Sąd Apelacyjny zważył, co następuje.

Apelacja okazała się niezasadna, choć niektóre z jej zarzutów podniesiono trafnie.

Wbrew zarzutom skarżącego Sąd pierwszej instancji prawidłowo przyjął, że część roszczeń powoda, związana z jego pobytem w Areszcie Śledczym W.S. w okresie od 6 czerwca 2006 r. do 10 marca 2008 r. uległa przedawnieniu. Nie ma racji skarżący, że roszczenie o zadośćuczynienie dochodzone na podstawie art. 448 k.c. przedawnia się na podstawie art. 118 k.c. w terminie dziesięcioletnim. W myśl tego przepisu, termin przedawnienia wynoszący dziesięć lat ma zastosowanie wówczas, gdy przepis szczególny nie stanowi inaczej. Nie ulega zaś wątpliwości, iż przepisem szczególnym w rozumieniu powyższej normy jest art. 442 1 k.c. regulujący terminy przedawnienia w przypadku, gdy szkoda zastała wyrządzona czynem niedozwolonym. Szkoda taka może mieć postać także krzywdy, a więc szkody niemajątkowej, o której mowa w art. 445 k.c., czy art. 448 k.c. ( por. wyroki Sądu Najwyższego: z dnia 27 października 2011 r., V CSK 489/10, Lex nr 1102552, z dnia 19 października 2011 r., II CSK 721/10. Lex nr 1102655, wyrok Sądu Apelacyjnego w Katowicach z dnia 25 czerwca 2013 r., I ACa 375/13, Lex nr 134225, Komentarz do Kodeksu Cywilnego, G. Bieniek i in., Ks. III, Zobowiązania Tom I, Wyd. Praw. 1996 r., str. 346). Poza sporem jest także, że naruszenie dóbr osobistych jest czynem niedozwolonym w rozumieniu art. 415 k.c. W myśl art. 24 k.c. przy naruszeniu dobra osobistego pokrzywdzonemu przysługuje między innymi żądanie zadośćuczynienia na zasadach przewidzianych w kodeksie, a więc na podstawie art. 448 k.c.
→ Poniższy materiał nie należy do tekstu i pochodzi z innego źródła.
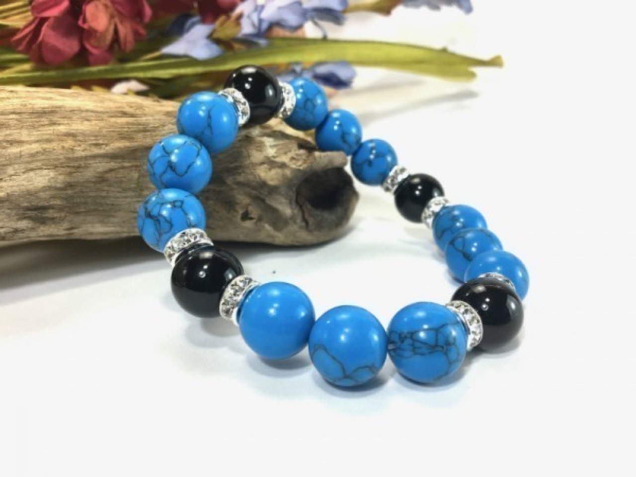 こちらは、12mm玉のターコイズとオニキスを使用したブレスレットです。石との間にはロンデルを挟み高級感を演出しています。シンプルなデザインですのでどんなコーディネートとも合わせ易いブレスレットです。石大きさは12mm玉です。内周約18cmです。気になる方は是非この機会にどうぞ。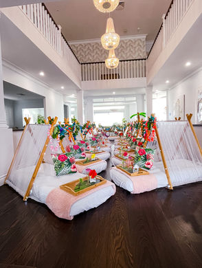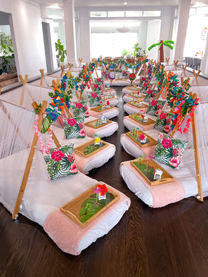 Everything you need for an amazing slumber party with friends is included. Both full set up and DIY come with the same inclusions. Our beautiful handmade Teepees have lace or sheer sparkly covers. Our blankets are luxurious and our linen is crisp. The breakfast trays can be set up anywhere in your intended space and our lanterns and fairy lights light up so pretty as if you are sleeping under the stars. There's a matching letter sign with an easel for the special one, along with so many matching accessories and decorations to make an enchanted and magical teepee slumber party!

Z uwagi na zamieszczenie tego artykułu wśród przepisów dotyczących czynów niedozwolonych dla określenia terminu przedawnienia zastosowanie znajdzie regulujący tę kwestię, stanowiący przepis szczególny w stosunku do art. 118 k.c., art. 442 1 k.c.. Skoro zatem, termin przedawnienia, o którym mowa w art. 442 1 § 1 k.c. dotyczy wszelkich roszczeń o naprawienie szkody wyrządzonej czynem niedozwolonym, w tym też roszczeń majątkowych o naprawienie krzywdy niemajątkowej, do kategorii roszczeń, które ulegają przedawnieniu na podstawie tego przepisu zalicza się też roszczenia majątkowe o zadośćuczynienie z art. 448 k.c.
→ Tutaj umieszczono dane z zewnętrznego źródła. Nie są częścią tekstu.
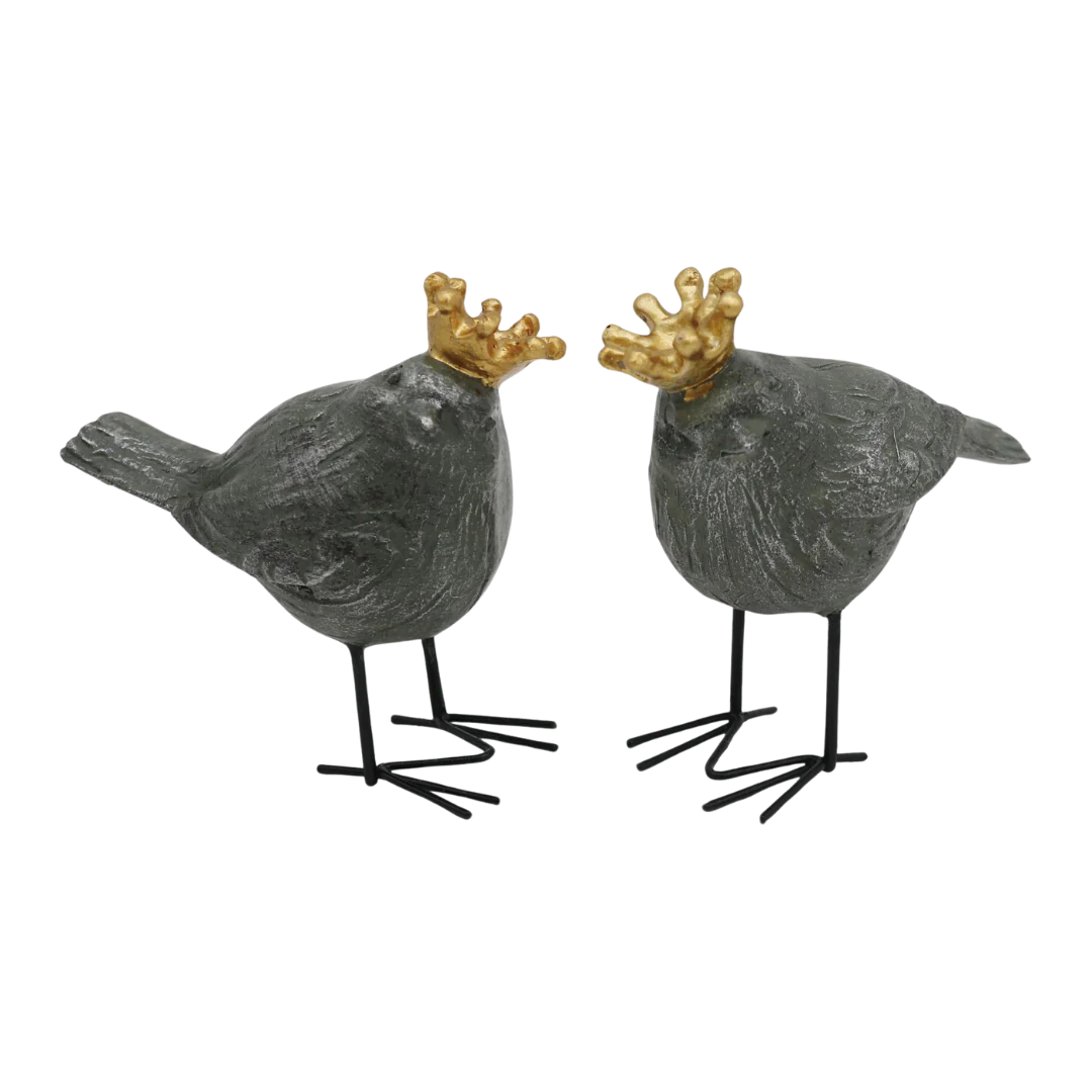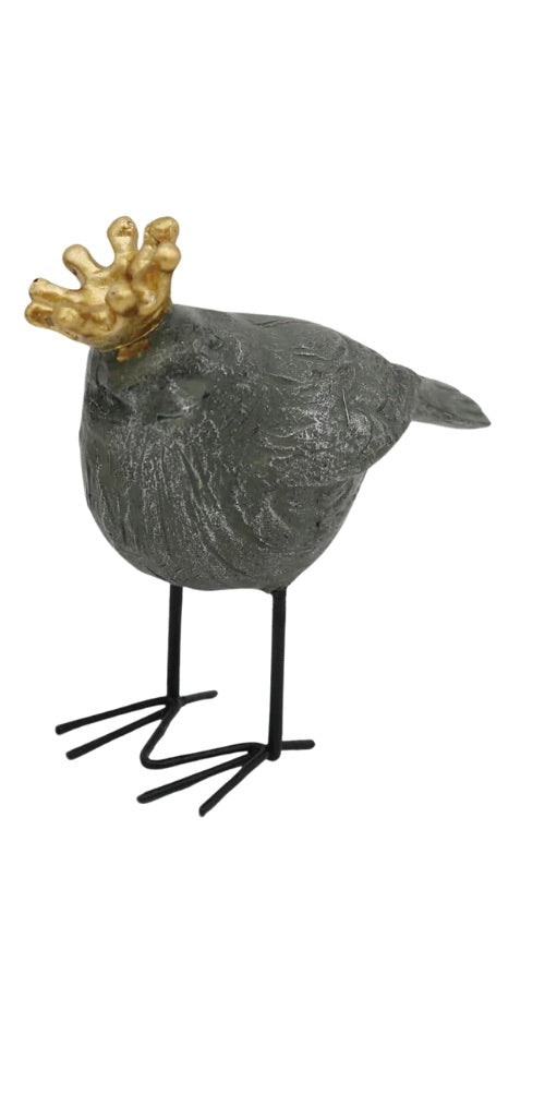This adorable bird is the queen of the pack.  Her golden crown gives her a fun twist.  It will look great mixed in with other home decor. She comes in two styles.

Rację miał zatem Sąd pierwszej instancji, iż w tym stanie rzeczy zastosować należało termin przedawnienia określony w art. 442 1 § 1 k.c. Zgodnie bowiem z art. 2 ustawy z dnia 16 lutego 2007 r. o zmianie ustawy - Kodeks cywilny (Dz. U. z 2007 r. Nr 80, poz. 538) do roszczeń, o których mowa w art. 1 (o naprawienie szkody wyrządzonej czynem niedozwolonym), powstałych przed dniem wejścia w życie powołanej ustawy (tj. przed 10 sierpnia 2007 r.), a według przepisów dotychczasowych w tym dniu jeszcze nieprzedawnionych, stosuje się przepisy art. 442 1 k.c. W myśl zaś art. 442 1 § 1 k.c., w brzmieniu obowiązującym od dnia 10 sierpnia 2007 r., roszczenie o naprawienie szkody wyrządzonej czynem niedozwolonym ulega przedawnieniu z upływem lat trzech od dnia, w którym poszkodowany dowiedział się o szkodzie i o osobie obowiązanej do jej naprawienia.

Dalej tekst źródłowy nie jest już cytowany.